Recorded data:
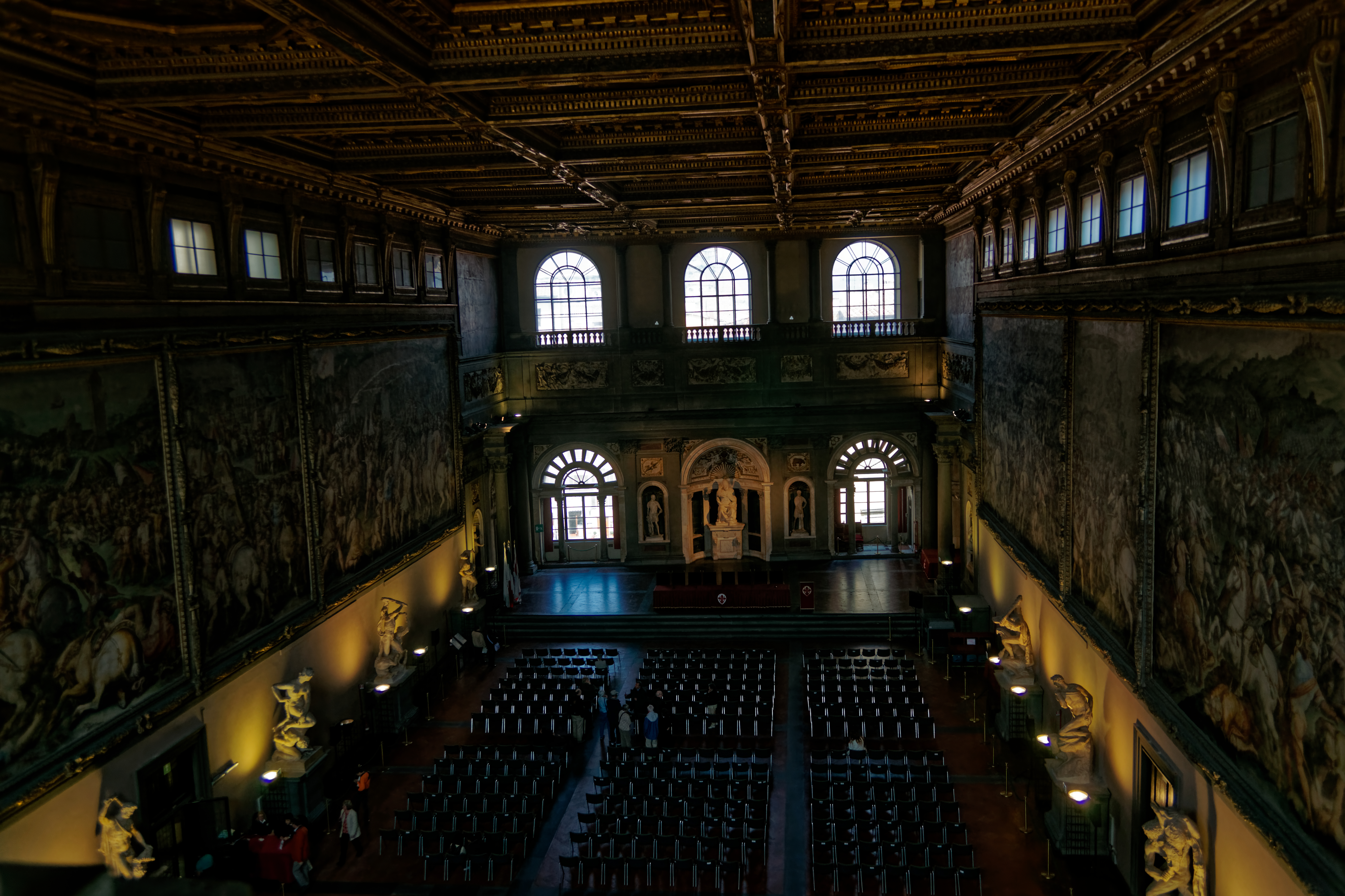 Firenze / Florence - Palazzo Vecchio - 2nd Floor - Balcony of Salone dei Cinquecento - Overview NNE (against strong light from opposite windows)
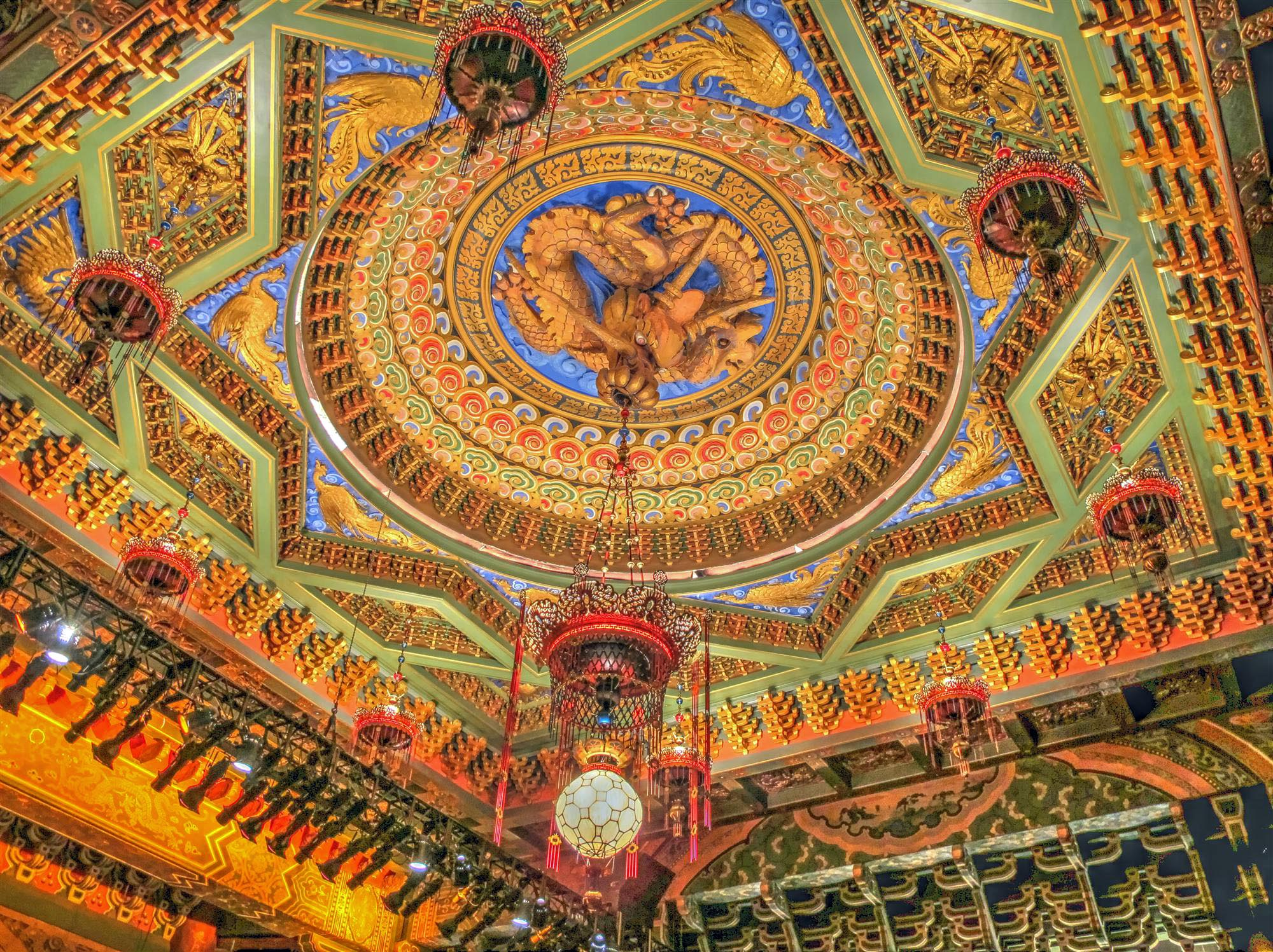 Ceiling, 5th Ave Theater
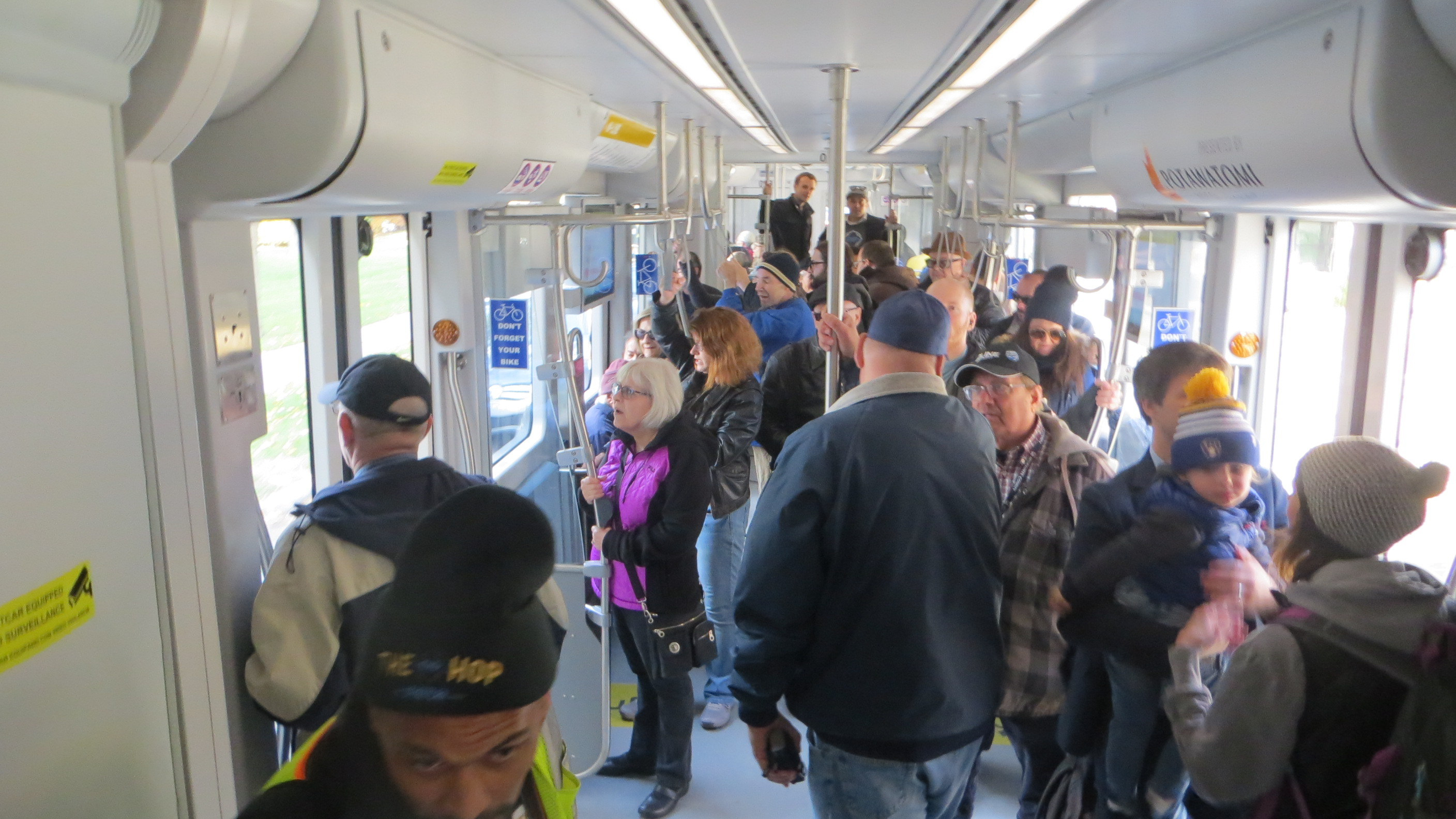 Interior view of a streetcar on Milwaukee's The Hop streetcar line on the line's opening day
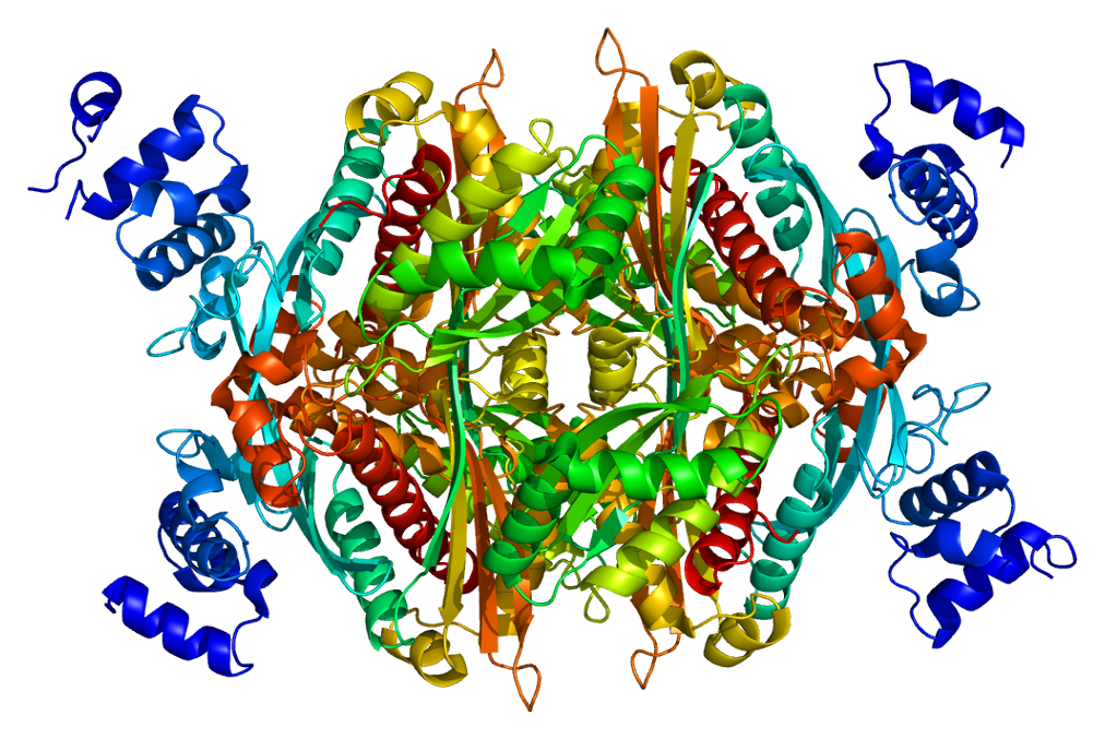 Structure of the HMGCR protein. Based on PyMOL rendering of PDB 1dq8.
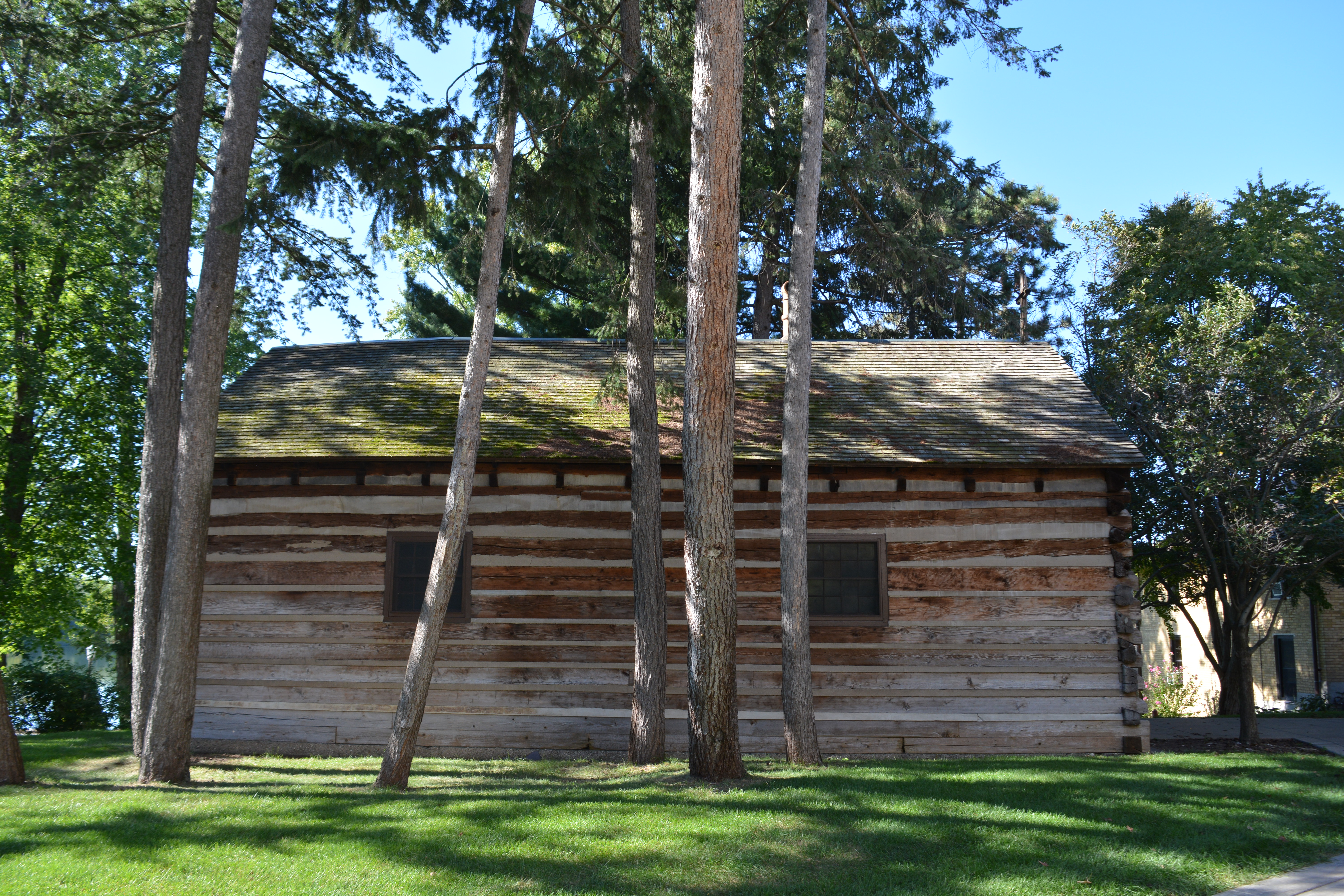 Campus of the University of Notre Dame
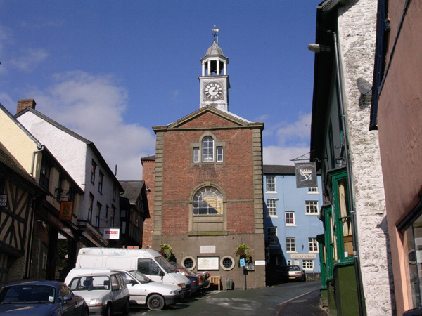 Bishops Castle. This is the town hall on the steep hill in the Shropshire town of Bishops Castle.
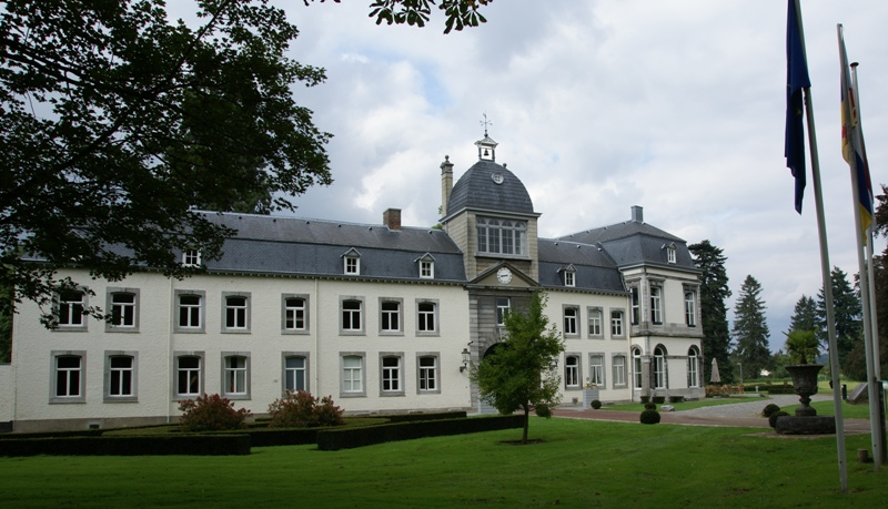 National monument no. 506108 - main building of Vaeshartelt, Weert 9, Maastricht, The Netherlands

WHAT IS REQUIRED:
Your answer is the exact run of lines above from the one with "Ceiling, 5th Ave Theater" through the one with "Campus of the University of Notre Dame", both ends included, minus any picture.

RESULT OF THIS TASK:
 Ceiling, 5th Ave Theater
 Interior view of a streetcar on Milwaukee's The Hop streetcar line on the line's opening day
 Structure of the HMGCR protein. Based on PyMOL rendering of PDB 1dq8.
 Campus of the University of Notre Dame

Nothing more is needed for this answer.